Networkx: Randomly Traverse directed graph

Question

I have a directed graph with weighted edges. Each node is connected to every other node, and the weights represent the likelihood of moving from Node X to Node Y (sum of weights for each node out = 1 - this is a stochastic matrix).

I need to create a function that randomly traverses the graph and goes in and out of each node only once, returning to the starting point

I don't want to return the most likely output, just the first random walk through the tree that hits each node only once and returns the path it took, and the likelihood of each jump it took.

Here's a simple implementation I'm looking for:

import pandas as pd
import numpy as np
from numpy.random import choice
import networkx as nx

testData = [('A','B',.5),('A','C',.4),('A','D',.1),('B','A',.5),('B','C',.3),('B','D',.2),('C','A',.3),('C','B',.1), 
            ('C','D',.6),('D','A',.35),('D','B',.15),('D','C',.5)]

G = nx.DiGraph()
G.add_weighted_edges_from(testData)

#traverse g from randomly selected starting node to every other node randomly and back to random start node
def randomWalk(g):
    start_node = choice(G.nodes())

    #dfs implementation available?

    return pathTaken

print (randomWalk(G))
>>> [('C','A',.3),('A':'D',.1),('D':'B',.15),('B':'C',.3)]

I can't find a way to incorporate the random walk component to any of the traversal algorithms available.

Any thoughts on available implementations I could use?

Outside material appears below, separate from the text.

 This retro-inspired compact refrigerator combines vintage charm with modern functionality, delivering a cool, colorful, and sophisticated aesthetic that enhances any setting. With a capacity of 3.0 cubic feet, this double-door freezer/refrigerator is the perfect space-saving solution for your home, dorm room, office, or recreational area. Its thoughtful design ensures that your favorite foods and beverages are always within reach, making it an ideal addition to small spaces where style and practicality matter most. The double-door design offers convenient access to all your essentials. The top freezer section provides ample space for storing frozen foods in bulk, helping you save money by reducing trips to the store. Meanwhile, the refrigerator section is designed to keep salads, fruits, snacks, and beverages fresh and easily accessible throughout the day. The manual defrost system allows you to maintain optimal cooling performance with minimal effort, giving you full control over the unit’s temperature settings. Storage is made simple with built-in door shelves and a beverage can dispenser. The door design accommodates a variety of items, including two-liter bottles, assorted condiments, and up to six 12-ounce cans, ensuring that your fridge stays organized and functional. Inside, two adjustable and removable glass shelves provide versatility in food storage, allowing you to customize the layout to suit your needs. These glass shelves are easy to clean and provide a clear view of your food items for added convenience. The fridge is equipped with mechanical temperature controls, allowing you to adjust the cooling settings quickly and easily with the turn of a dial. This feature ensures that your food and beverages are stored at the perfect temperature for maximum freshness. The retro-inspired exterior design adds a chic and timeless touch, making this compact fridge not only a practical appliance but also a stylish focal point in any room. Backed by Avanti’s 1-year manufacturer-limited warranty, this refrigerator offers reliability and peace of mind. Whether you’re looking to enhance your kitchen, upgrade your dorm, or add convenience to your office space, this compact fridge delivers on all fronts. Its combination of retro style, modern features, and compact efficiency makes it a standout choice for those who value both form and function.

I'd prefer to not write a custom DFS if I can avoid it...

Thanks!

Answer 1

I don't know if you will consider this as an available implementation, but this :

random.sample(G.nodes(), len(G.nodes()))

will return a random and valid path for your problem as the graph is strongly connected.

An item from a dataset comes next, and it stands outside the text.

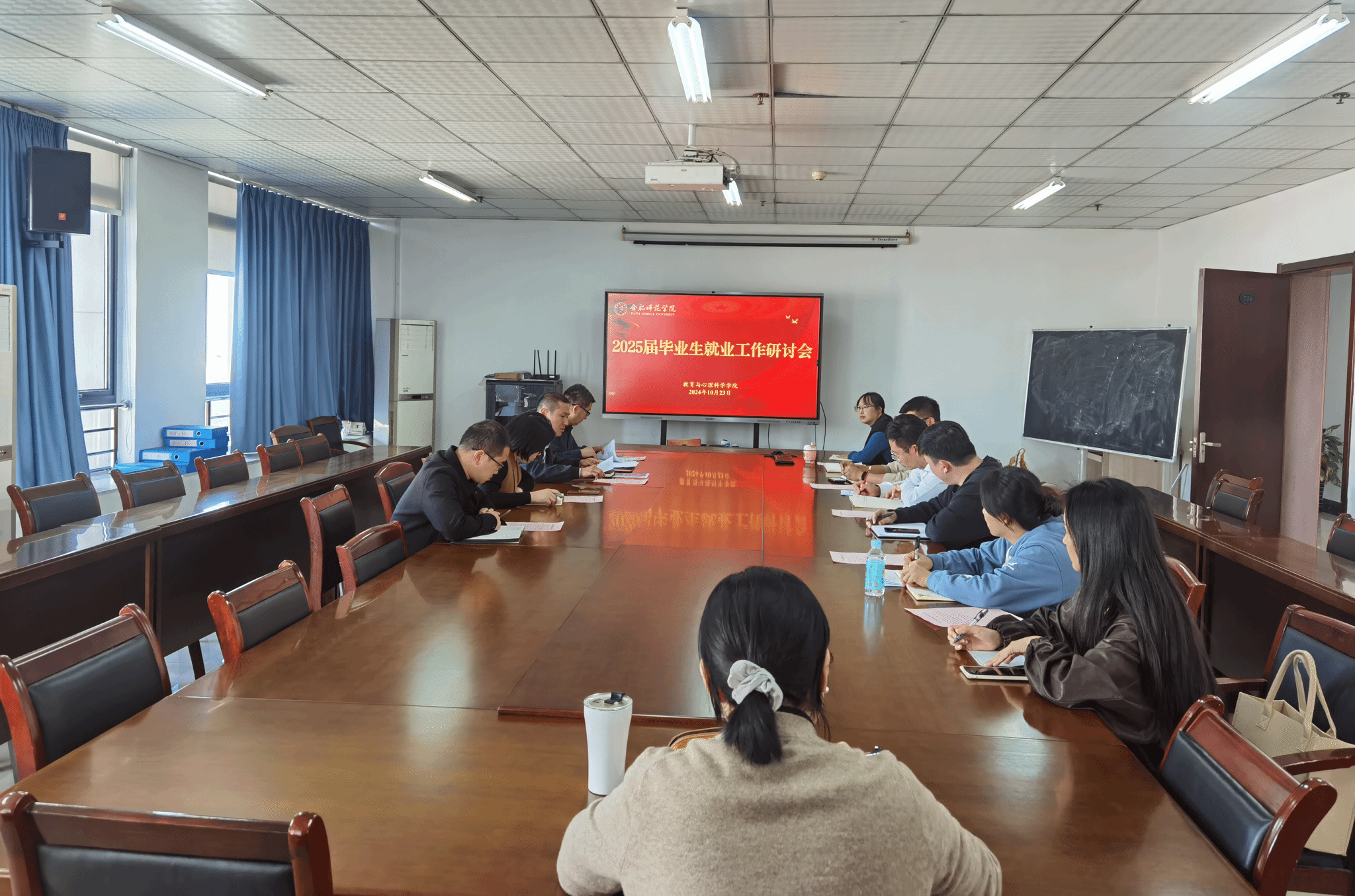 为进一步促进2025届毕业生高质量充分就业,10月23日下午,教育与心理科学学院在锦绣校区行知楼710会议室召开2025届毕业生就业工作研讨会,研究部署新学年学院就业工作重点任务。教育与心理科学学院领导班子、系主任、研究生班主任、毕业班专兼职辅导员参加会议,教育与心理科学学院党委副书记陈帅帅主持会议。

Then you need to process the result to have a list of tuples :

def random_walk(G):
    path = random.sample(G.nodes(), len(G.nodes()))
    return [(path[i-1], node, G[path[i-1]][node]['weight']) for i, node in enumerate(path)]

In your example :

print(random_walk(G))
>>> [('B', 'C', 0.3), ('C', 'D', 0.6), ('D', 'A', 0.35), ('A', 'B', 0.5)]

Answer 2

What I ended up doing was deleting nodes as I used them, then just assigning the last node to the first node. At each step, I'd re-weight to get 100% likelihoods. I'm sure this isn't super efficient, but my graph is small, so it's ok. I then merged on the likelihood of each item happening at the end.

matchedPath = []

currNode = choice(G.nodes())
firstNode = currNode

while G.number_of_nodes() >1:
    connectNodes = [x[1] for x in G.out_edges(currNode,data = True)]
    connectWeights = [x[2]['weight'] for x in G.out_edges(currNode,data = True)]
    remainingWeights = [z/sum(connectWeights) for z in connectWeights]

    nextNode = choice(connectNodes, 1, p=remainingWeights)[0]
    matchedPath.append((currNode,nextNode))

    G.remove_node(currNode)
    currNode = nextNode
matchedPath.append((currNode,firstNode))    

matched_df = pd.DataFrame(matchedPath,columns = ['from','to'])
matched_df = pd.merge(matched_df,rawData,how = 'outer',left_on =['from'],right_on = ['Name']).drop(['Name'],axis = 1)
matched_df = pd.merge(matched_df,link_df,how = 'left',left_on = ['from','to'],right_on = ['person_x','person_y']).drop(['person_x','person_y'],axis = 1)